図7に示すように、第2の層120は、第2の層110の少なくとも約40.0重量%(約40.0重量%超)、または50.0重量%超、または約55.0重量%~約100重量%の高アスペクト比セルロースナノフィラメント150を含む。
【0063】
図8は、構造物が、抄紙機の形成ベルト/ファブリック200上に直接形成された第2の層110を有して形成される、第1の層120、第2の層110、および第3の層130を含む、本開示の繊維ウェブ構造物またはプライ100の例示的実施形態の断面図を示す。いくつかの実施形態では、第1の層120、第2の層110、ならびに/または第3の層130は、軟材繊維、非木質繊維、天然非セルロース繊維、人工セルロースもしくは非セルロース繊維、硬材繊維、リサイクル繊維、およびそれらの混合物、フィラー、活性成分、他の繊維、ならびにそれらの組み合わせの特定の混合物を含んでよい。一実施形態では、第2の層110は、繊維構造物の約0.05重量%超、または約0.05重量%~約20重量%、または約0.1重量%~約5重量%のナノ粒子を含み得る。当業者であれば、第2の層110が、ワイヤ側(150)または繊維構造物の反対側(130)のいずれかに形成されることを想定することができる。さらに別の実施形態では、第1の層110は、第2の層110の約0.05重量%超、または約0.05重量%~約20重量%、または約0.1重量%~約5重量%のナノ粒子を含み得る。
【0064】
図9は、繊維構造物100が、第1の層120および第3の層130の両方が抄紙機の2つの形成ベルト/ファブリック200および210の1つと接触して形成される、二重ベルト/ワイヤ作製プロセスで形成される、第1の層120、第2の層110、および第3の層130を含む、本開示の繊維構造物またはプライ100の例示的実施形態の断面図を示す。いくつかの実施形態では、第1の層120、第2の層110、ならびに第3の層130は、軟材繊維、非木質繊維、天然非セルロース繊維、人工セルロースまたは非セルロース繊維、硬材繊維、リサイクル繊維、およびそれらの混合物、フィラー、活性成分、他の繊維、ならびにそれらの組み合わせの特定の混合物を含んでよい。一実施形態では、第2の層110は、第2の層110の約0.05重量%超、または約0.05重量%~約20重量%、または約0.1重量%~約5重量%のナノ粒子を含み得る。
【0065】
図10は、第2の層110が高濃度の高アスペクト比セルロースナノフィラメントを有する、第2の層110、第1の層120、および第3の層130を含む、本開示の繊維構造物またはプライ100の例示的実施形態の断面図を示す。そのような繊維構造100は、ヘッドボックス、噴霧、コーティング、グラビア塗布、または他の直接塗布プロセスなどで、高濃度のセルロースナノ粒子および/または高アスペクト比セルロースナノフィラメントを直接加えることによって製造されてよい。第1の層120および第3の層130は、軟材繊維、リサイクル材料繊維、硬材繊維、人工セルロースもしくは非セルロース繊維、フィラー、および/または活性成分、および/または他の繊維の特定の混合物を含有してよい。
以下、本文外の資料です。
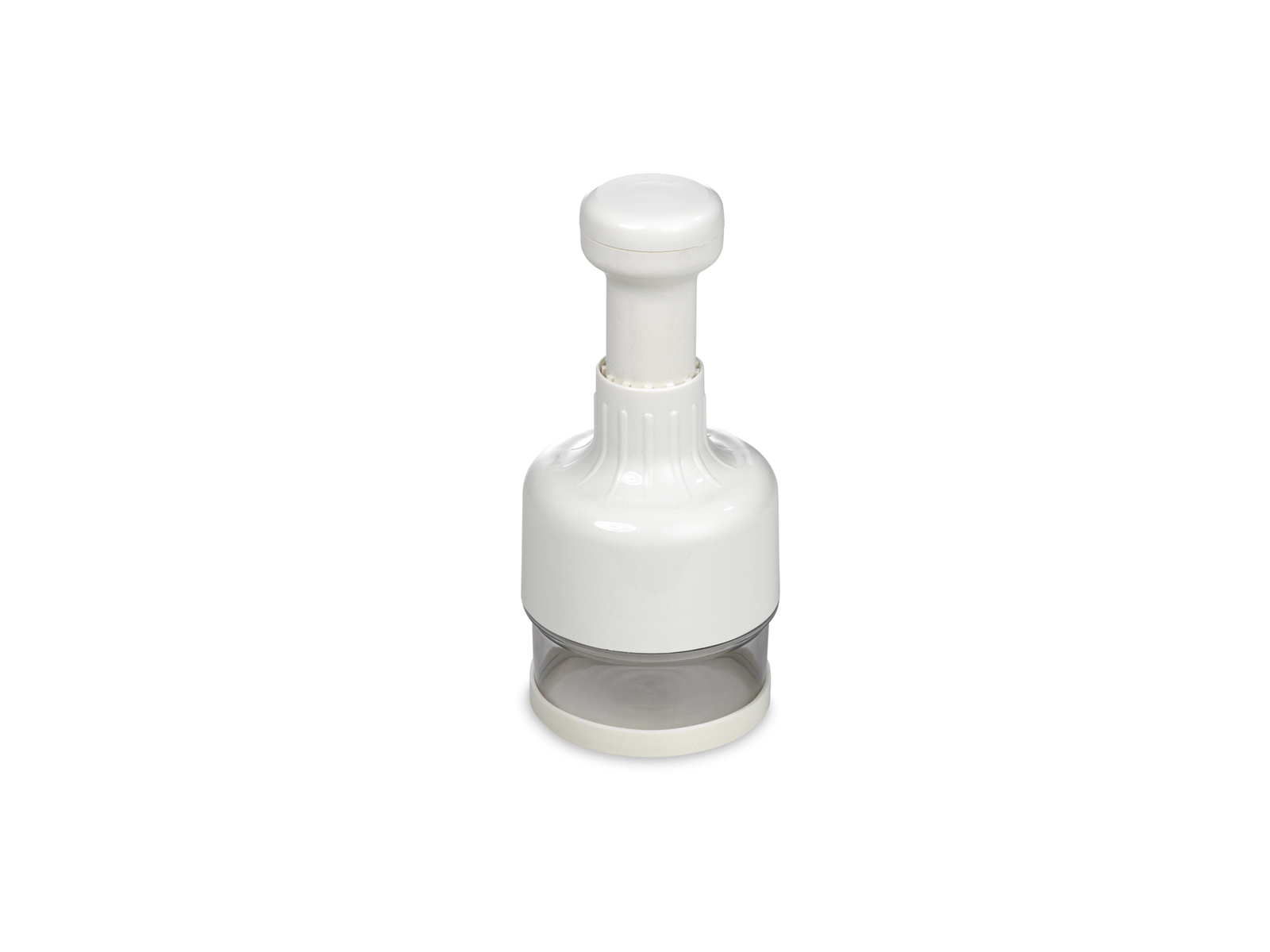 El picador de cebollas tiene un diámetro de 91 mm y una altura de 175 mm. Pesa 475 gramos, lo que le proporciona una buena estabilidad durante su uso sin ser demasiado pesado para manejar. La combinación de plástico y acero inoxidable asegura tanto durabilidad como un manejo higiénico de los alimentos.

図10に示す一実施形態では、第2の層110は、第2の層110の少なくとも約40.0重量%(約40.0重量%超)、または約50.0重量%超、または約55.0重量%~約100重量%の、セルロースナノ粒子および/またはセルロースナノフィラメントおよび/または高アスペクト比セルロースナノフィラメント150を含む。
【0066】
図12Aは、第1のプライ210が、層状の、第2のプライと同様かまたは異なる濃度のセルロースナノ粒子を有する、第1のプライ210および第2のプライ220を含む、本開示の繊維構造物100Aの例示的実施形態の断面図を示す。各々3つの層を有する2つのプライは、一旦組み合わされると、単一プライ構造とは異なる構造および機能を作り出す。いくつかの実施形態では、各プライは、軟材繊維、リサイクル材料繊維、硬材繊維、人工セルロースもしくは非セルロース繊維、フィラー、および/または活性成分、および/または他の繊維の特定の混合物を含有し得る層も含有してよい。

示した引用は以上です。